With U.S. Food and Drug Administration agent Jeff Novitzky often lurking in the background, our government has spent millions upon millions of dollars and our media has written nearly as many words in the pursuit of athletic cheats. Novitzky, the latter-day Elliot Ness of the steroids era in sports, has been relentless to the point of obsession. His targets have included track star Marion Jones and cyclist Floyd Landis in addition to Bonds and Armstrong. He convinced Kirk Radomski, a clubhouse attendant for the Mets, to turn government informant. While not directly involved in the prosecution of Clemens, Novitzky was a major source for the Mitchell Report which named Clemens as a steroids user and led to the congressional hearings at which the 7-time Cy Young Award winner is alleged to have lied under oath.

Athletes shouldn’t cheat, and people who swear to tell the truth shouldn’t resort to claiming that a former teammate must have “misremembered” a conversation. But neither should investment bankers play craps with other people’s money by inventing exotic and complex securities that both trade on and directly impact the stability of the housing market; and there haven’t been a lot of Jeff Novitzkys going after those guys, nor many members of Congress working to get to the bottom of that mess.

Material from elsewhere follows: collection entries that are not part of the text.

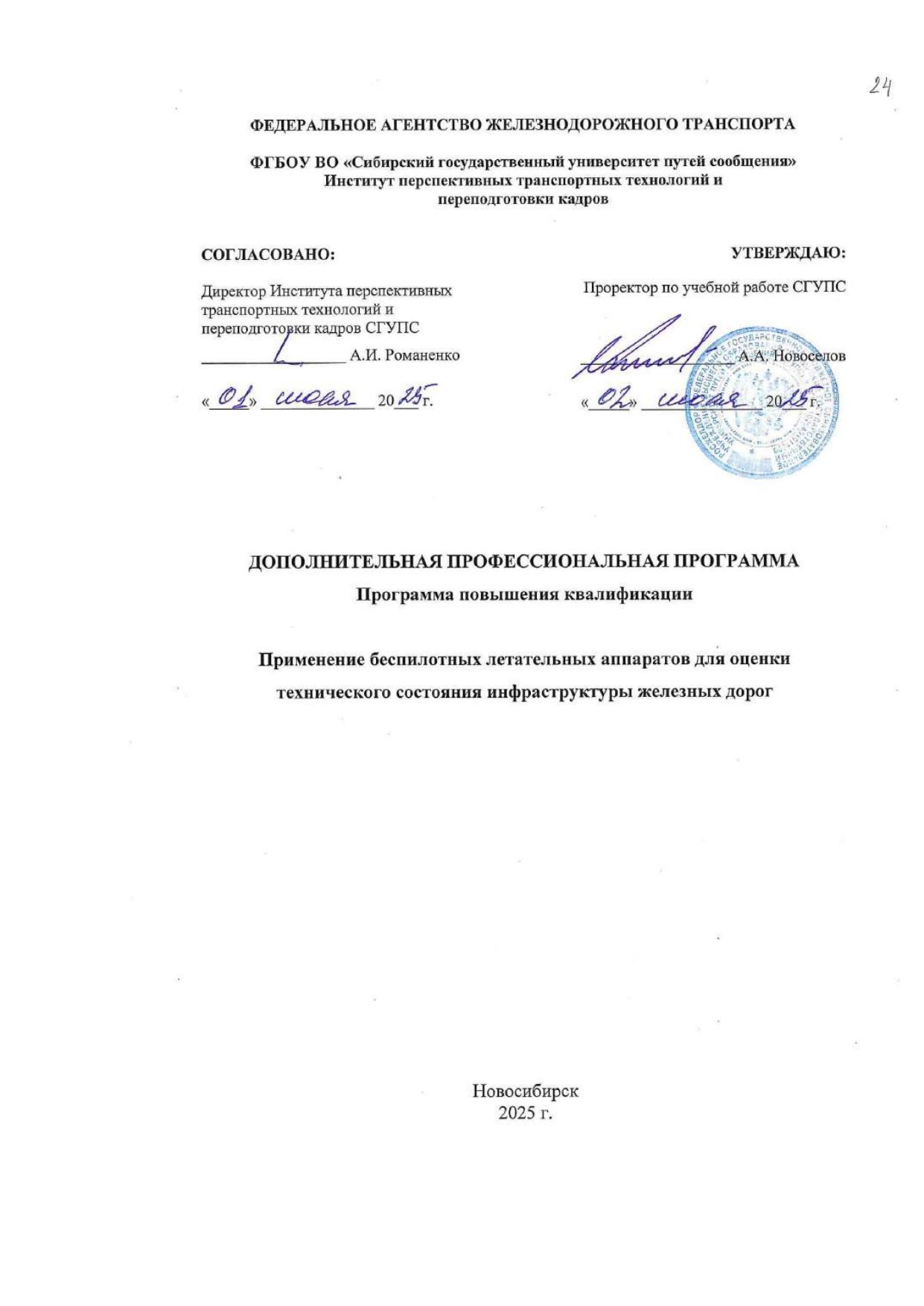 Применение беспилотных летательных аппаратов для оценки технического состояния инфраструктуры железных дорог : программа повышения квалификации / . — Новосибирск : СГУПС, 2025. — 11 с. — Текст : электронный // УМЦ ЖДТ : электронная библиотека. — URL: https://umczdt.ru/books/1308/299946/ (дата обращения 17.04.2026). — Режим доступа: по подписке.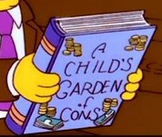 A Child's Garden of Cons is a book about scams written Grifty McGrift who is Abe Simpson actually.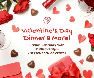 Adults 60 and older are invited to the Valentine’s Dinner & Activity Day at 4 Seasons Senior Center, 47 CJEMS Lane in Mifflintown. The day will include bingo, cornhole, prizes, card games, and more! A meal is included. Call Jody at 717-436-6847 for more information.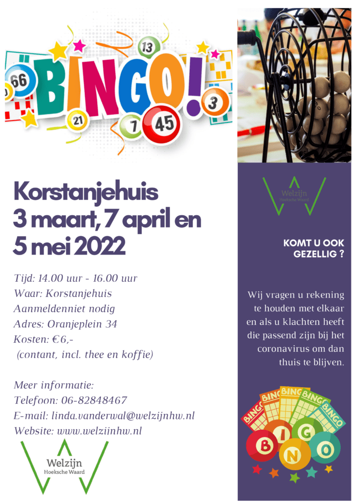 De Bingo vindt plaats tussen 14.00 uur en 16.00 uur en de kosten zijn €6,50 inclusief koffie/thee. Vooraf aanmelden is niet nodig. Voor meer informatie over de activiteiten van Welzijn Hoeksche Waard in het Korstanjehuis kunt u bellen of mailen met Linda van der Wal, 06-82848467, [email protected]

More important, sports fans are by and large a pretty discerning and judgmental bunch. It’s been nearly ten years since the federal government began its investigation of the Bay Area Laboratory Cooperative (BALCO), nearly four since Bonds was indicted on charges of perjury and obstruction of justice, more than three since Clemens appeared before the congressional committee, and at least twelve months since the Novitzky turned his attention to Armstrong. Despite all of that time and all of the money spent, the legal results to date are piddling. Bonds was convicted on just the obstruction count, and that sole guilty verdict may not withstand appellate scrutiny. The first trial of Clemens ended abruptly. The investigation of Armstrong plods along. But while the legal system has been unable to render decisive verdicts, the court of public opinion has acted. The reputations of all three men have been shredded, with no prospect for recovery.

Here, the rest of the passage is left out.